WHAT NEEDS TO BE DONE
All lines from the beginning of the listing through the line with "這款T卹採用厚度適中的棉質布" are to be copied word for word; the pictures are not.

DATASET EXTRACT
◇ ◇ ◇
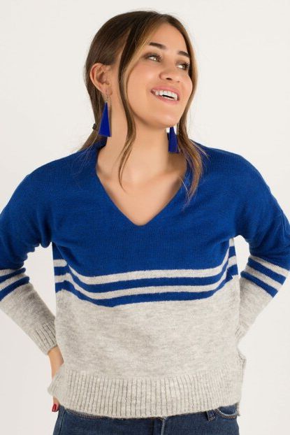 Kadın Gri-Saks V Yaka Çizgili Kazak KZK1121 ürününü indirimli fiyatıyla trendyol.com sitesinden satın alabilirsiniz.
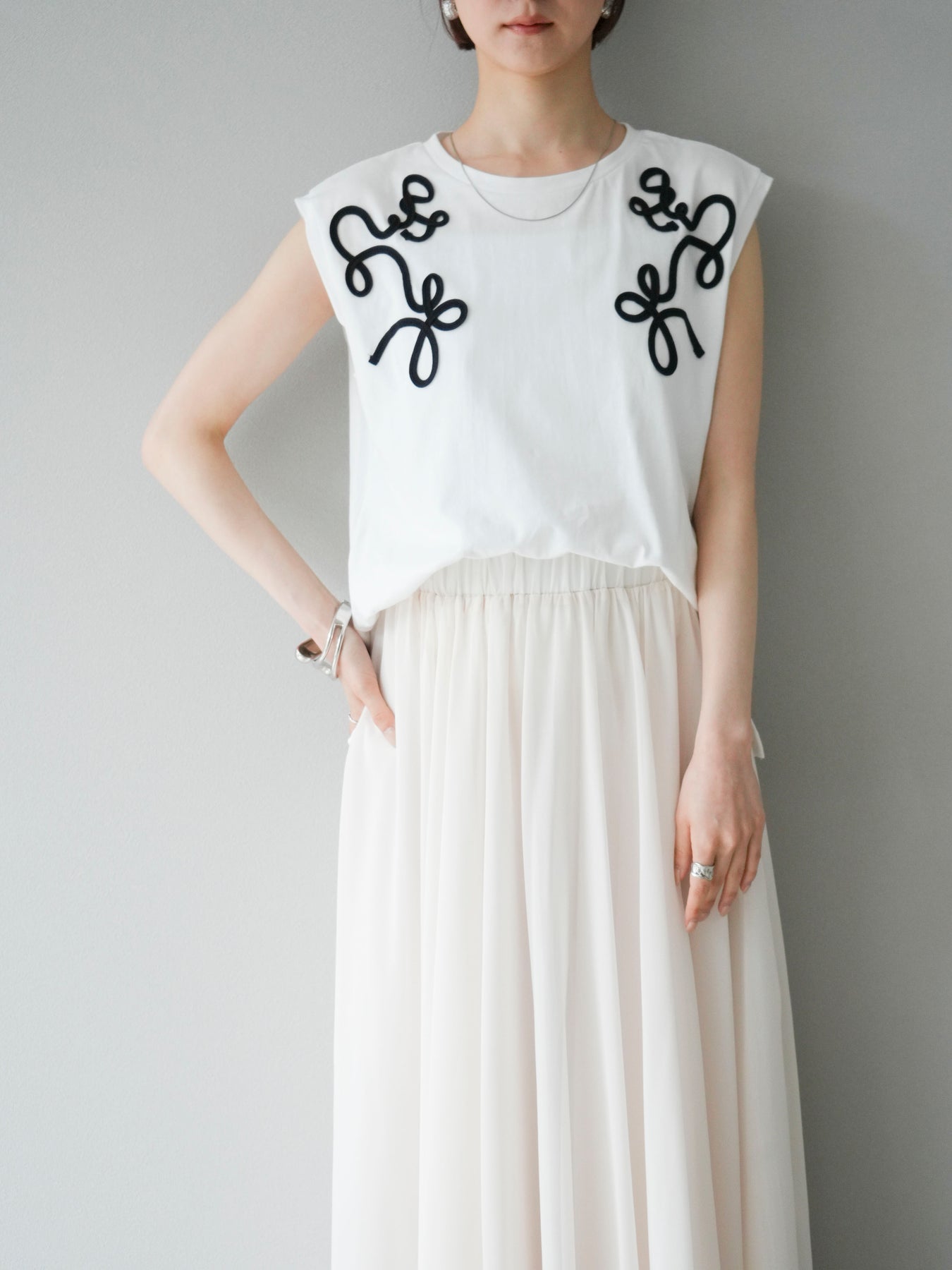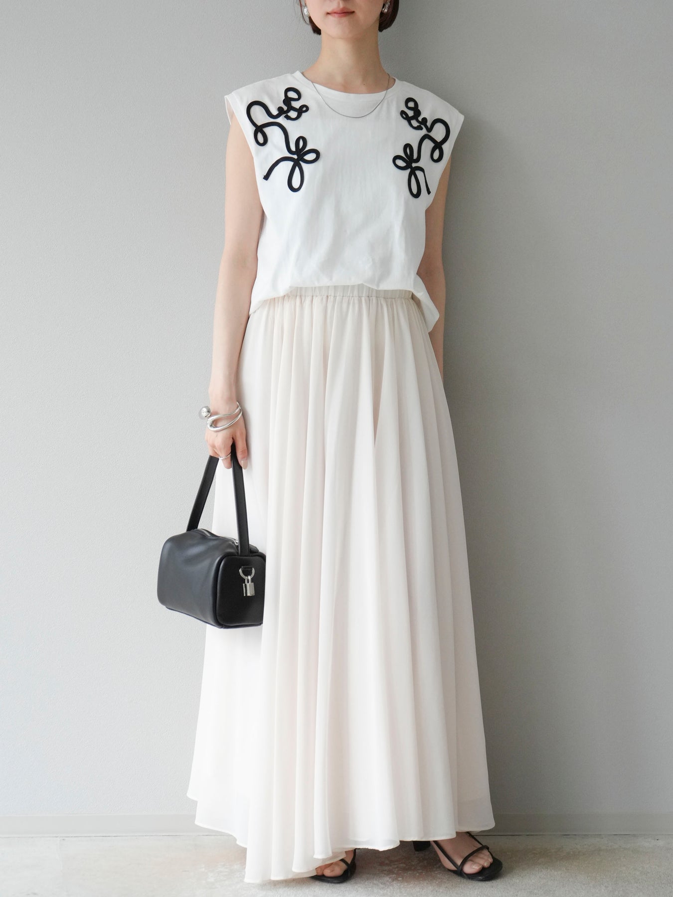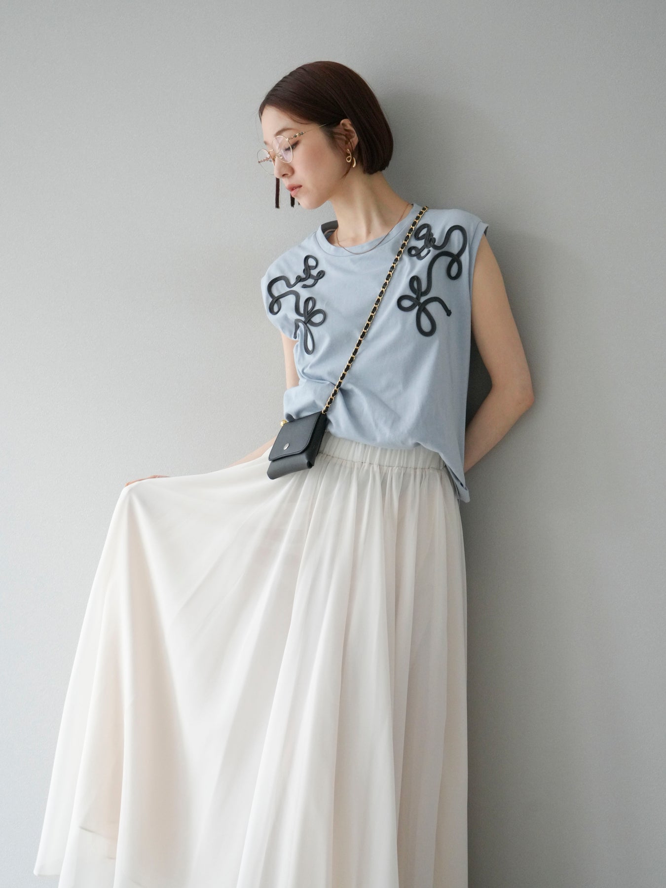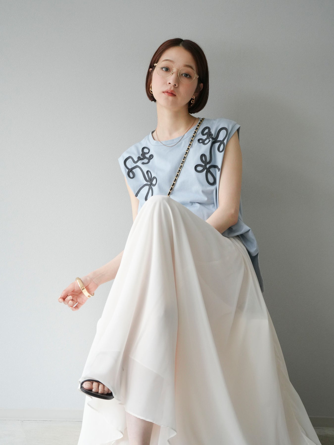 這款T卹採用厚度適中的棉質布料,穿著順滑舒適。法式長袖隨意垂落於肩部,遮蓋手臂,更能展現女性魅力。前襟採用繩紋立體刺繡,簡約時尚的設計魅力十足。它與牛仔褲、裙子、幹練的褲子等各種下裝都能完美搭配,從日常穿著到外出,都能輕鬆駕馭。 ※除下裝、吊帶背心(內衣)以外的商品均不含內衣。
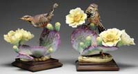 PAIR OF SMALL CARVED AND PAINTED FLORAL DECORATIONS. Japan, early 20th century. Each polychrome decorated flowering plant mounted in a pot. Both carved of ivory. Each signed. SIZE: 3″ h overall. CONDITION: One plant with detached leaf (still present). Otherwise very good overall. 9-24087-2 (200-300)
◇ ◇ ◇
TASK RESPONSE
 Kadın Gri-Saks V Yaka Çizgili Kazak KZK1121 ürününü indirimli fiyatıyla trendyol.com sitesinden satın alabilirsiniz.
 這款T卹採用厚度適中的棉質布料,穿著順滑舒適。法式長袖隨意垂落於肩部,遮蓋手臂,更能展現女性魅力。前襟採用繩紋立體刺繡,簡約時尚的設計魅力十足。它與牛仔褲、裙子、幹練的褲子等各種下裝都能完美搭配,從日常穿著到外出,都能輕鬆駕馭。 ※除下裝、吊帶背心(內衣)以外的商品均不含內衣。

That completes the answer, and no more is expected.